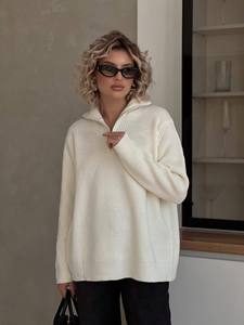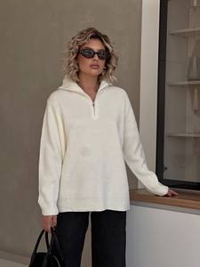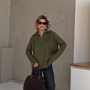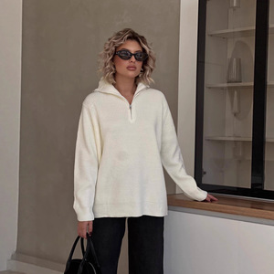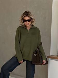 欧美跨境外贸纯色简约慵懒风垂坠感宽松休闲百搭高级半拉链毛衣女
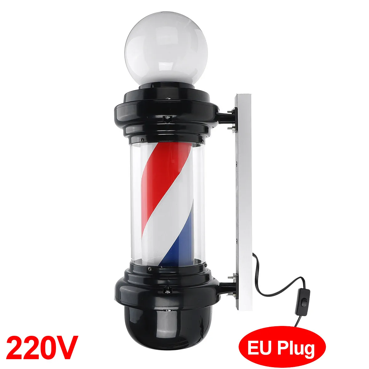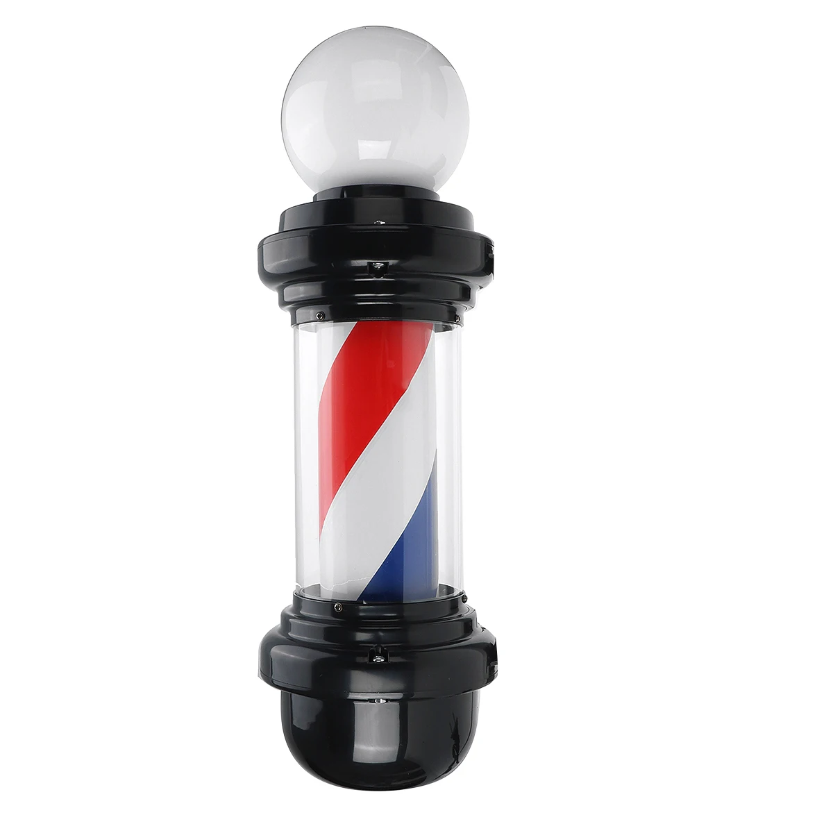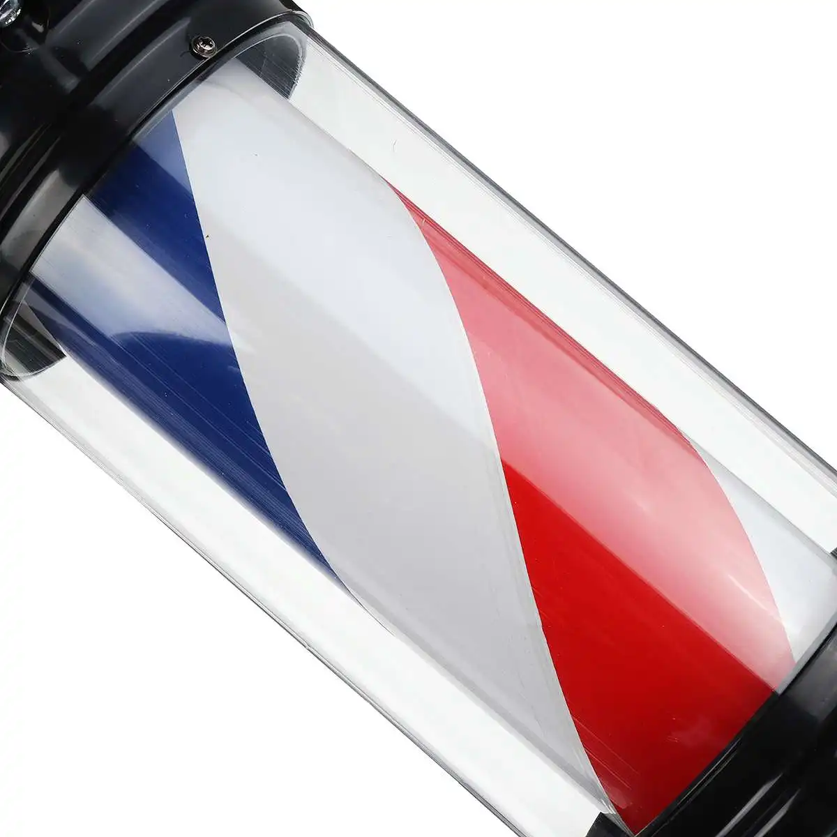 Этот классический парикмахерский столб-отличный способ привлечь внимание ваших клиентов к парикмахерской. Этот красный белый и синий барберпол придает вашему магазину классический вид с традиционным дизайном в полоску. Легкий прочный пластиковый светильник, а также вращающийся вихревой узор помогут вам поймать глаза прохожих и обратить внимание на вашу парикмахерскую. Он изготовлен из прочного покрытого пластика с покрытием стального основания для крепления на стене, готового блестеть ярко, как ваш бизнес. Полюс посылает мягкий и ярко-синий и белый светильник, довольно привлекательный.
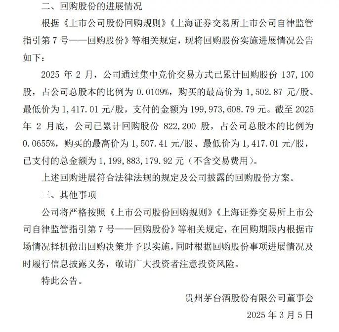 3月4日,贵州茅台发布公告显示,截至2025年2月底,贵州茅台已累计回购股份822,200股,占公司总股本的比例为0.0655%,购买的最高价为1,507.41元/股、最低价为1,417.01元/股,已支付的总金额为1,199,883,179.92元(不含交易费用)。
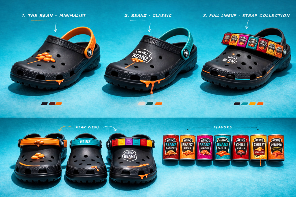 After reviewing the brief as a group, we brainstormed different ideas that could link Heinz Beanz with youth culture. The concept we developed was a collaboration between Heinz Beanz and Crocs, creating a fun and visually recognisable product concept that connects Heinz’s iconic brand with a popular fashion trend.

_Problem to solve_:
Would you please copy the listing exactly, omitting every picture?

_Answer box_:
 欧美跨境外贸纯色简约慵懒风垂坠感宽松休闲百搭高级半拉链毛衣女
 Этот классический парикмахерский столб-отличный способ привлечь внимание ваших клиентов к парикмахерской. Этот красный белый и синий барберпол придает вашему магазину классический вид с традиционным дизайном в полоску. Легкий прочный пластиковый светильник, а также вращающийся вихревой узор помогут вам поймать глаза прохожих и обратить внимание на вашу парикмахерскую. Он изготовлен из прочного покрытого пластика с покрытием стального основания для крепления на стене, готового блестеть ярко, как ваш бизнес. Полюс посылает мягкий и ярко-синий и белый светильник, довольно привлекательный.
 3月4日,贵州茅台发布公告显示,截至2025年2月底,贵州茅台已累计回购股份822,200股,占公司总股本的比例为0.0655%,购买的最高价为1,507.41元/股、最低价为1,417.01元/股,已支付的总金额为1,199,883,179.92元(不含交易费用)。
 After reviewing the brief as a group, we brainstormed different ideas that could link Heinz Beanz with youth culture. The concept we developed was a collaboration between Heinz Beanz and Crocs, creating a fun and visually recognisable product concept that connects Heinz’s iconic brand with a popular fashion trend.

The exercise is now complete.